Actually it that's not true because most distros still use relatively old kernel
includes. It really only broke with paravirt, which especially on 64bit
is extremly new.
I think on a few of the latest distros actually break it in their
default setup, that is why I looked at fixing it (ran into this
in suse 11.0, in 10.3 it was all still ok)
>
> Mixing fundamentally unrelated kernel and userspace variants of the same
> function just makes the aggregation uglier than both.
I disagree on the fundamentally unrelated.

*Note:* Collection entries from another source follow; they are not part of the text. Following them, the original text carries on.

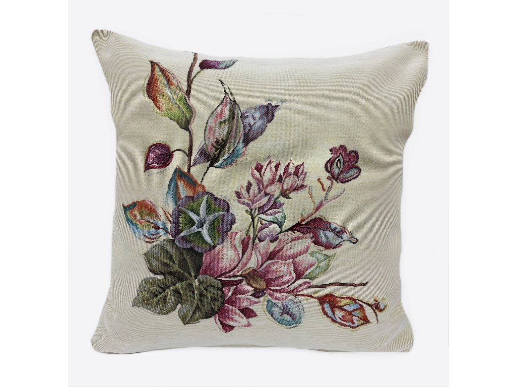 Gobelínový povlak na polštář - umělecký motiv květů a poupat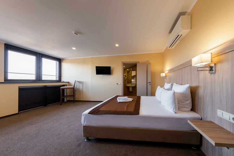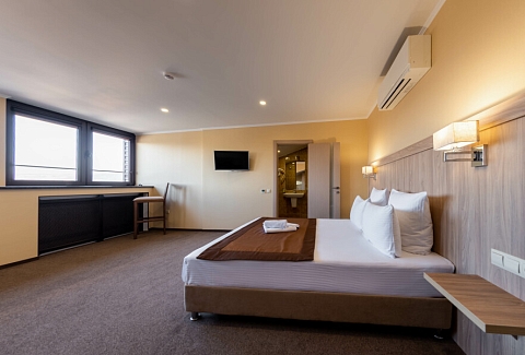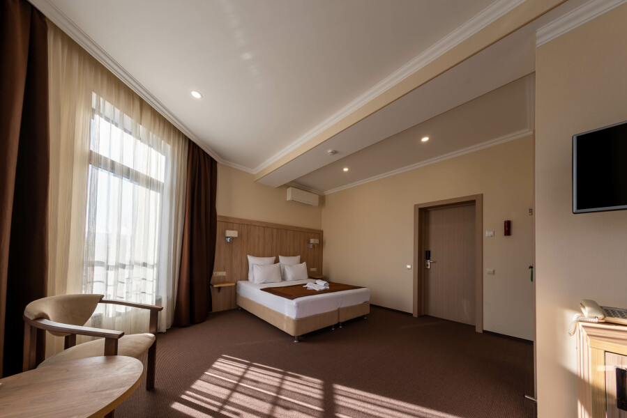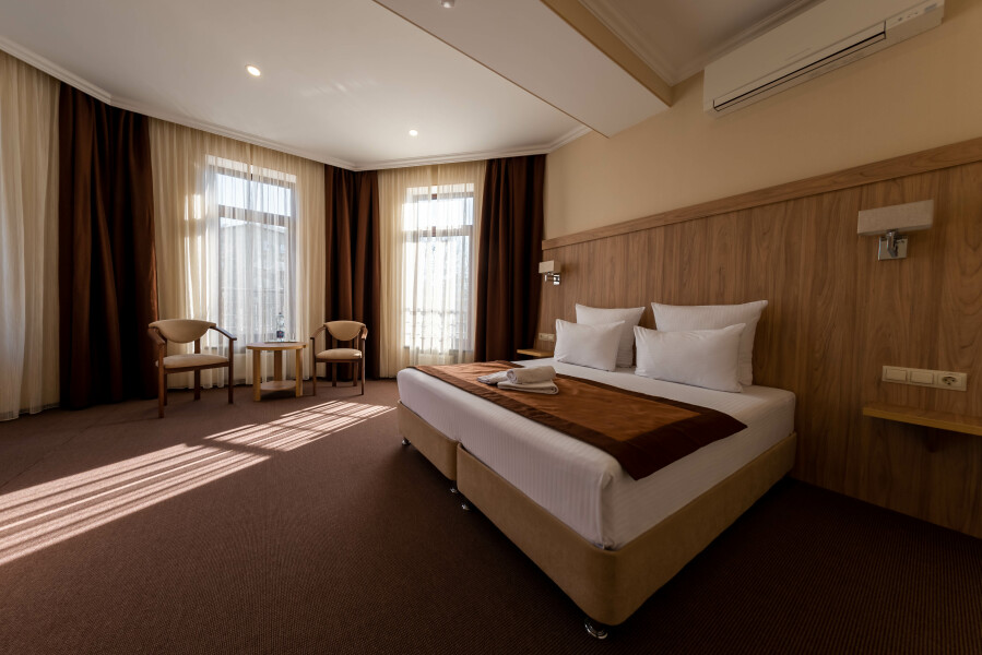 В номере: кровать двуспальная, прикроватные тумбочки, стол, стулья, шкаф, кондиционер, мини-холодильник, сейф, телевизор, телефон, чайная станция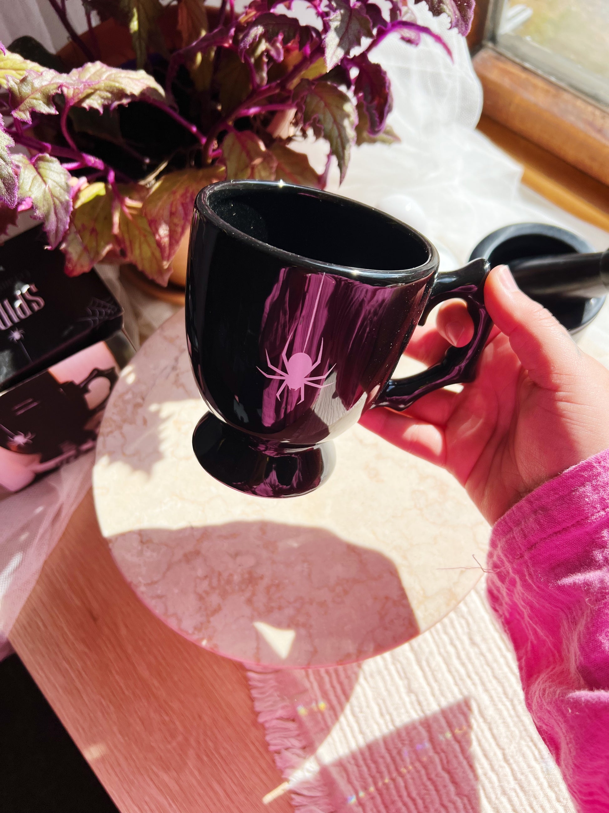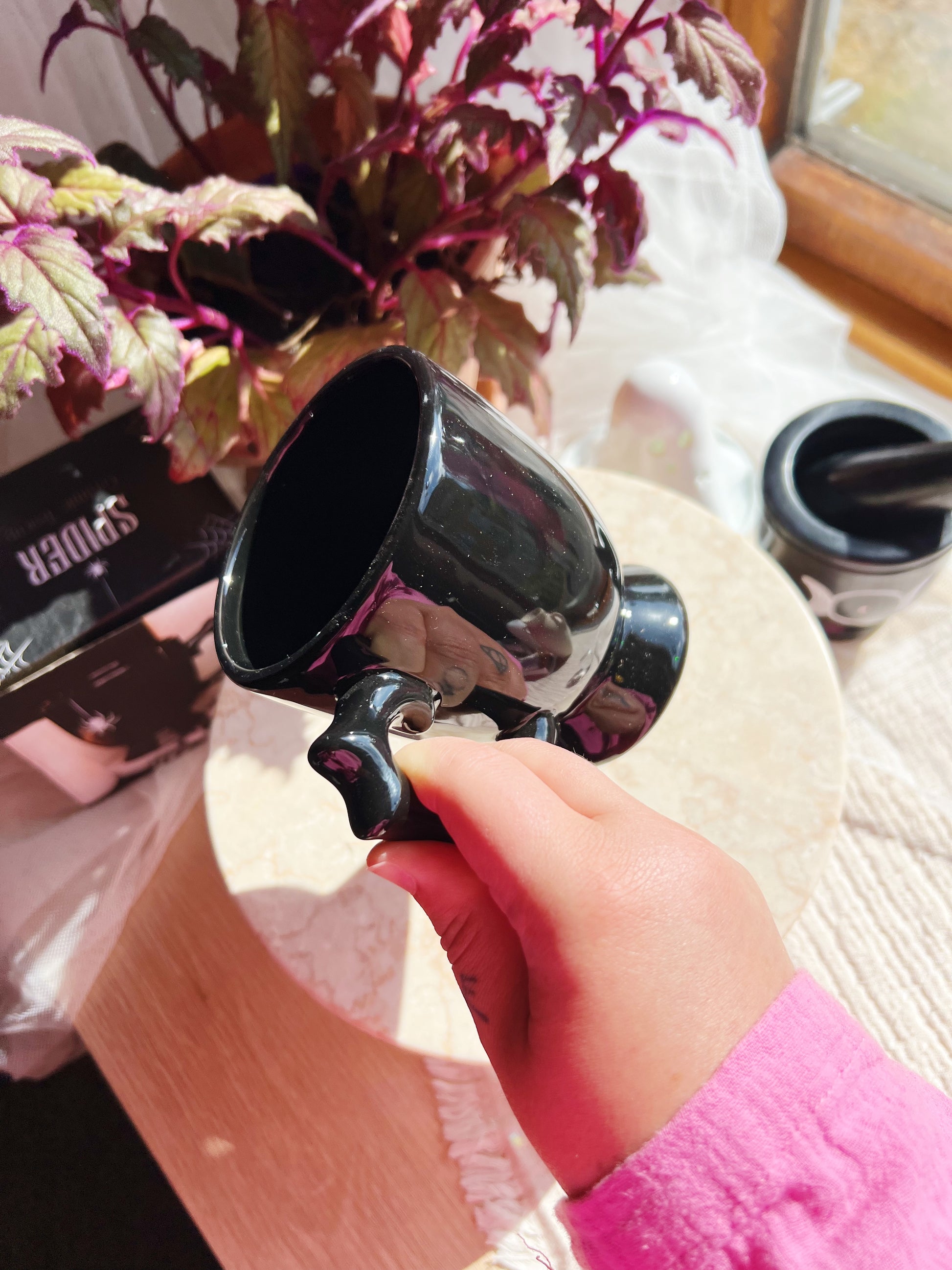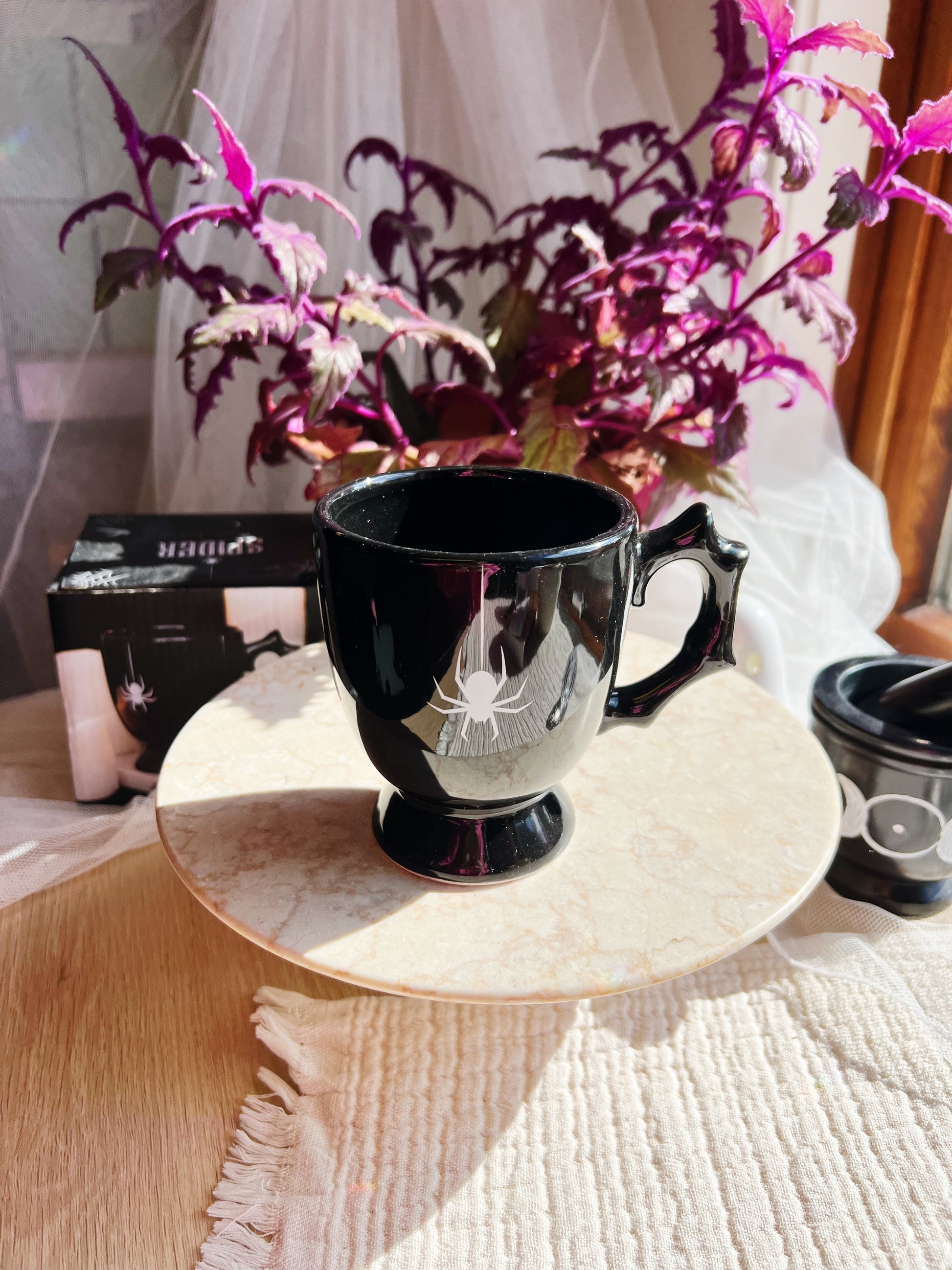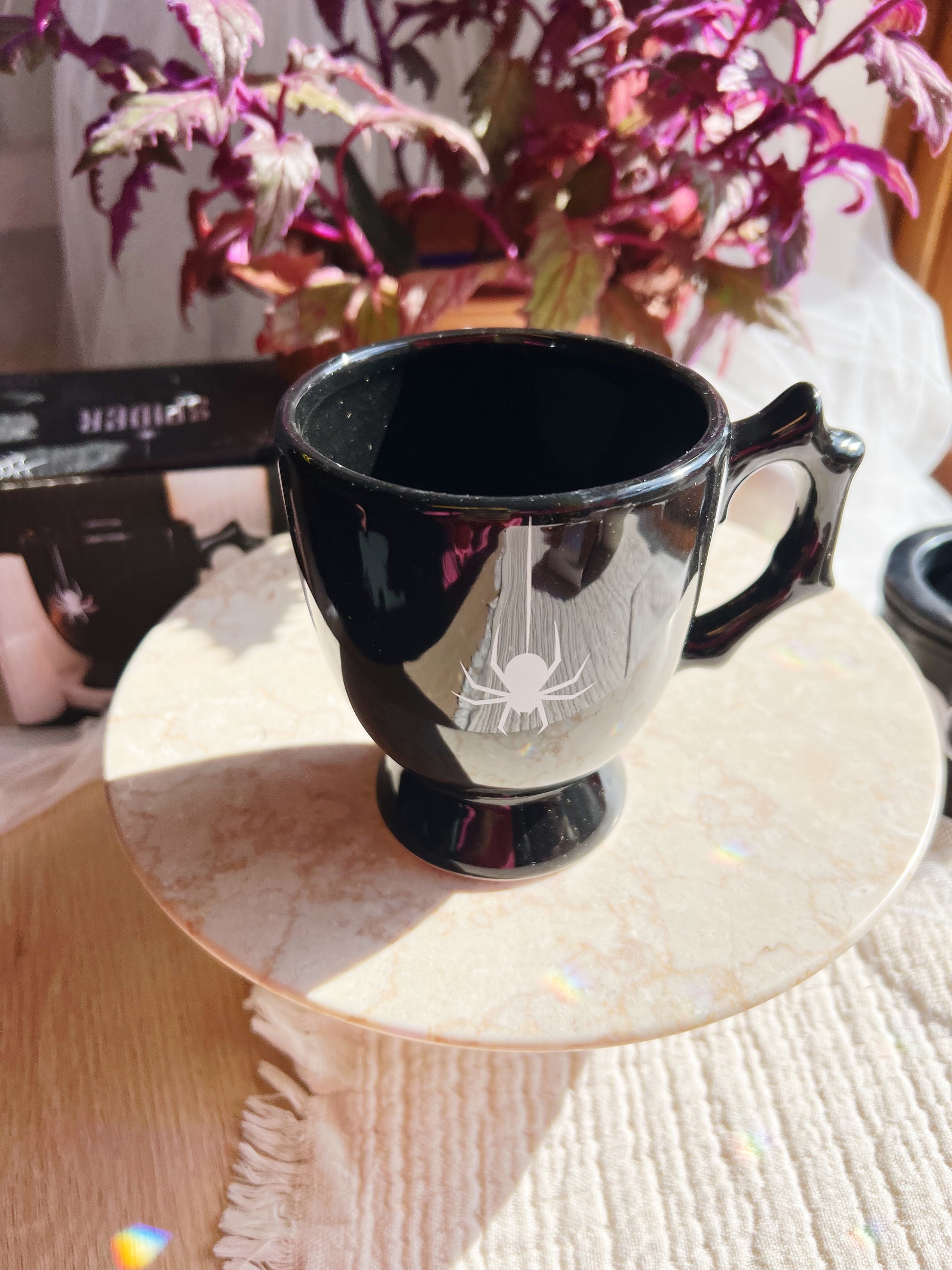 Vis frem din myke â men mystiske â side med denne unike gotiske tekoppen. Den sorte, torneaktige hanken og det subtile edderkoppdesignet gir en dramatisk, men elegant kontrast som gjĂžr denne koppen til et naturlig midtpunkt pĂ„ ethvert heksemĂžte, hĂžstmiddag eller mĂžrk teselskap.

They are the same semantically
(although the paravirt entry point is misnamed, it shouldn't call
itself RDTSC)
>
> (Also, most userspace variants I have seen have what the kernel calls
> "rdtscll" and calls it "rdtsc".)
At least asm/msr.h has used it like this forever (2.4).
> I would suggest writing a <sys/tsc.h> header file and submitting to the
> glibc people, instead, or perhaps even better, start a libarch/libx86 tree.
That wouldn't work on old kernels. asm/msr.h has been the traditional
interface for this and rdtsc has worked forever (at least dating back to 2.0)
rdtscll is a bit newer, but still in Linux terms ancient (2.4)
Also in my experience distributions are extremly slow at keeping up
with glibc, so even if this was added to glibc it would be probably
years before it would be actually usable :/ And I see about zero
point in changing a perfectly fine include name breaking everything old.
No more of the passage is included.